あらゆる魔を跳ね除け、使用者を回復させる武器がこの銀銃である。ただの人間が描いたまじないなどすぐに消されてしまうのだろうと翡翠は自己解決する。

「……で、翡翠。僕に何かいう事無いのか?」

 神保が意地の悪い声で訊く。

「神保……その、すまな――」

 謝罪を言い切る前に神保は左手で作った握りこぶしで軽く翡翠を小突いた。

「これでおあいこだな翡翠。僕達は君の祖母のように強くない。ただの人間だ」
「神保……」
「だからどんな時も2人で助け合いながら戦おう。これからは抜け駆けはなしだ」

 神保の提案に翡翠は観念したように頷く。

「……ああ、もう一人で戦ったりお前を守ることをかんがえたりしねぇ。

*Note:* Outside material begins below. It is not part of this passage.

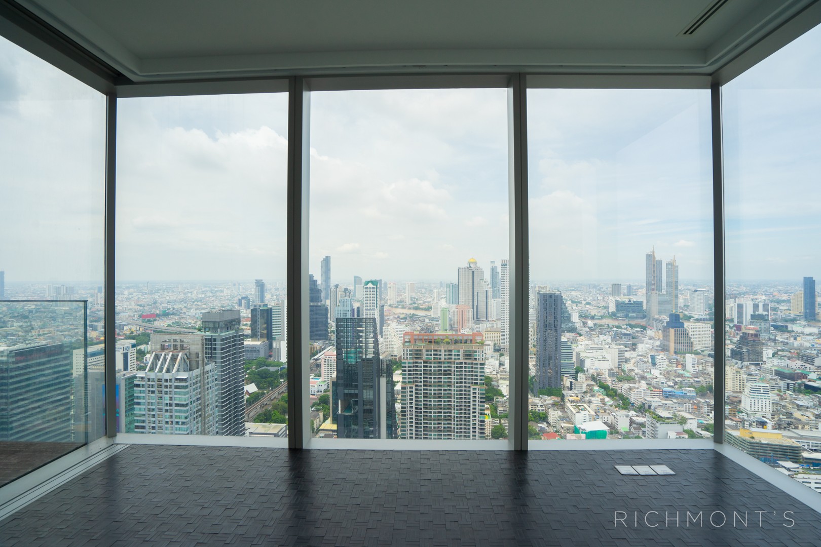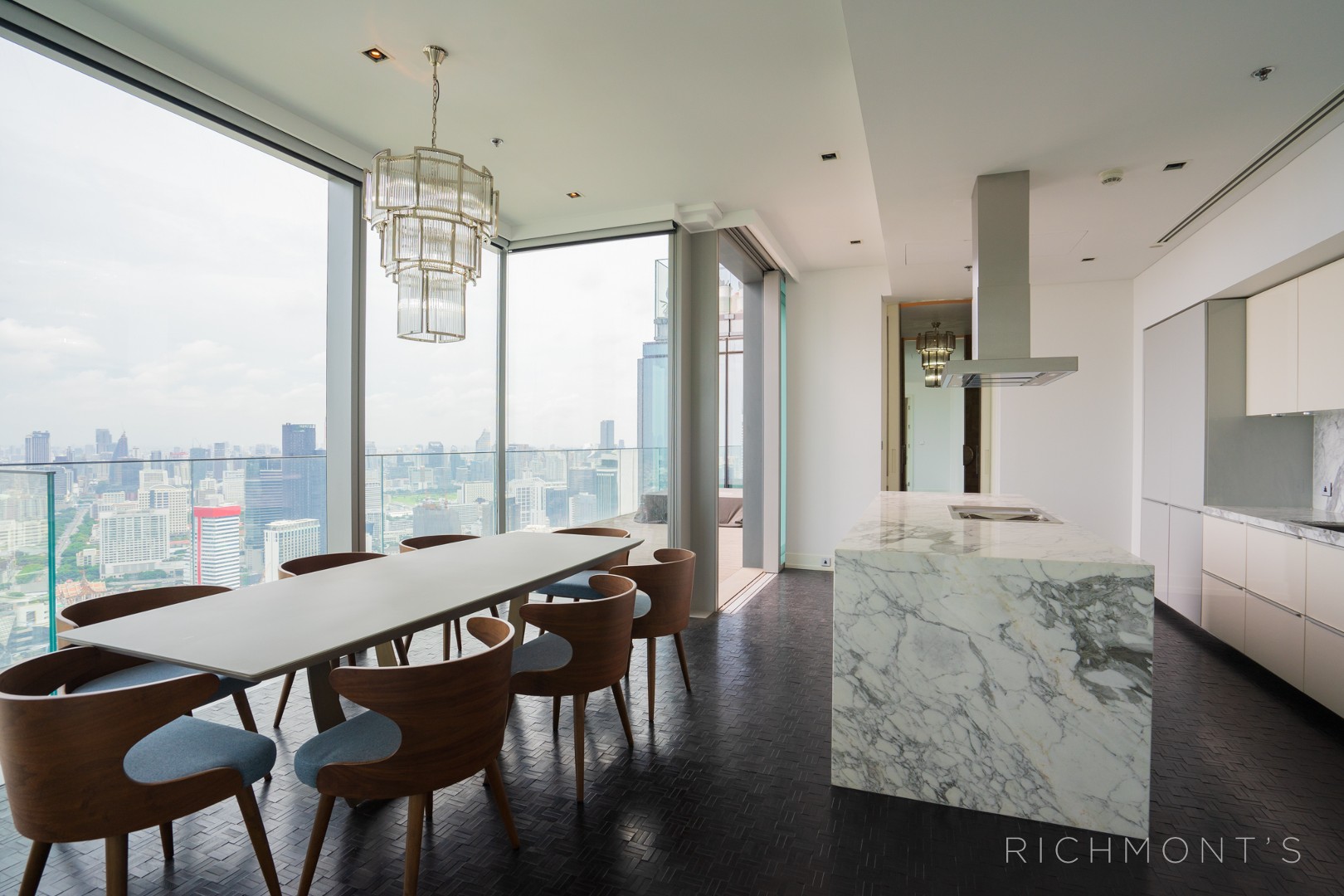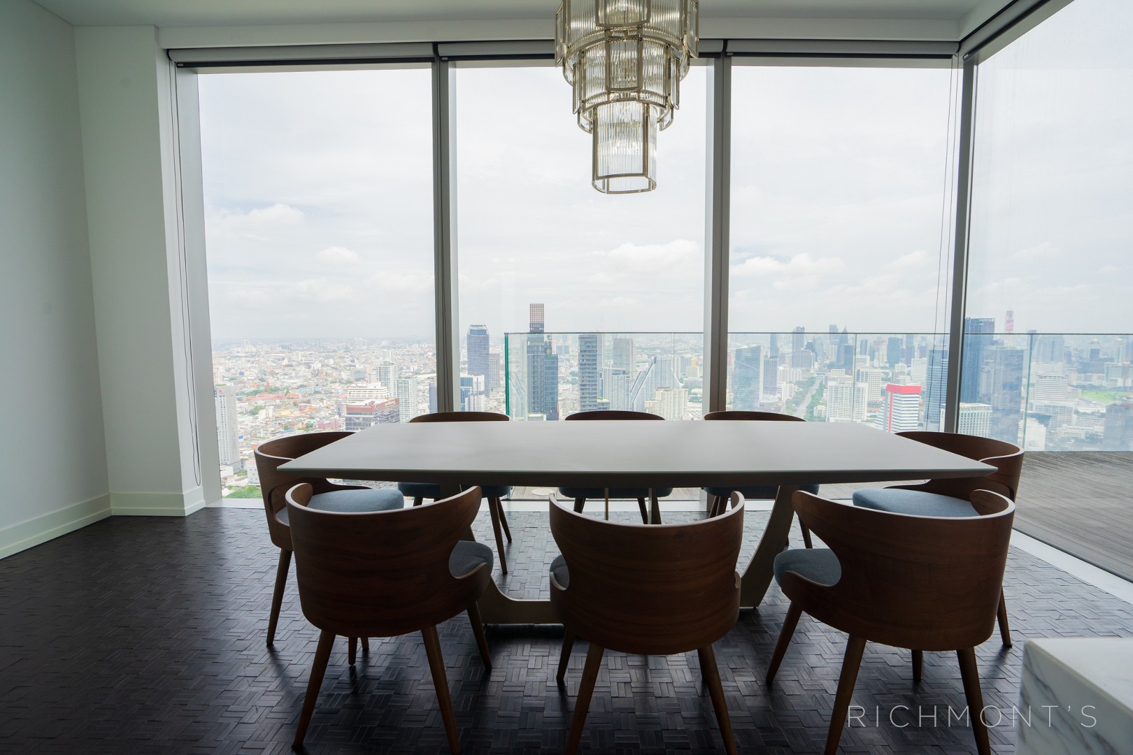 Perched high above the heart of Bangkok, The Ritz-Carlton Residences, Bangkok offers an unparalleled luxury living experience. This 2-bedroom simplex, situated on the 49th floor, spans 264 sq.m. and boasts stunning panoramic views of the city. Each bedroom features its own en-suite bathroom, while the open-plan living and dining areas are bathed in natural light, creating an elegant and welcoming space. A high-end kitchen and separate utility area ensure convenience and modern comfort.

これからは助け合っていこう」

 照れくさそうに翡翠が鼻を摩り、2人が仲直りをした瞬間だった。

「聡介さぁああああああんっ!!」

 2人のいい雰囲気を壊すように右手を失った知恵がふらつきながら起き上がる。

「会いたかったわァアア」

 体はぼろぼろだったが念願の神保聡介を前に知恵は再び口から大量の涎を吐いた。
そんな知恵を前に神保は翡翠を庇うように前に立つ。

「グールを君一人であそこまで追い詰めたのか? すごいな……」
「本当はぶっ倒すところまで俺一人でやりたかったんだけどな」

 翡翠は悔しそうに両手を握り締めた。

「後は僕に任せてくれるか?」

 どこか頼もしさを感じさせる神保の台詞に翡翠は無言で頷く。

「聡介さぁああん。確かあなたの腕を齧った時に私の涎があなたの体内に入ってるはずよねぇ? これも運命かしら」
「そんな汚い運命があってたまるもんか」

 銀銃のハンマーを起こし、トリガーに指を掛ける神保。
銃口は知恵の頭に向けていた。

「どうして皆私を毛嫌いするの? もっと愛させて。もっと私を愛してよ!!」

 自分勝手な理屈を言い続ける知恵を前に、もはや神保に迷いは無かった。

「相手の全てを知りたいなんてそんなものは愛じゃない。ただの君の我侭だ!」

 被害者の無念を晴らすため。
これ以上の被害を出さない為。
自分の友人を守る為に神保は覚悟を決め、狙いを定める。

「愛してるわ聡介さん。私と一つになりましょう!!」

 片腕を失った知恵が最後の突撃を神保に仕掛けた。

「私をぉおお愛してェエエエエエエッ!!」
「やるぞ銀銃!! 僕に力を貸せ!!」

 神保の人差し指がトリガーを引く。
その瞬間に銃口に銀の炎が収束し、固まったエネルギーが光速で射出される。

「聡介さん――」

 銀色の光弾は額を貫き、知恵の体を銀色の炎で燃え上がらせる。

「ごめんよ……僕は君を愛せない」

 それは膝から崩れ落ち、徐々に灰となっていく知恵に神保が最後にかけた言葉だった。
やがて強い風が灰を吹き飛ばし、時葉町の都市伝説である人喰いチエちゃんこと西園寺知恵はこの世から完全に消え去った。
風に乗り、遠くに流れていく知恵の灰を神保と翡翠は遠く見えなくなるまで黙って眺め続けていた。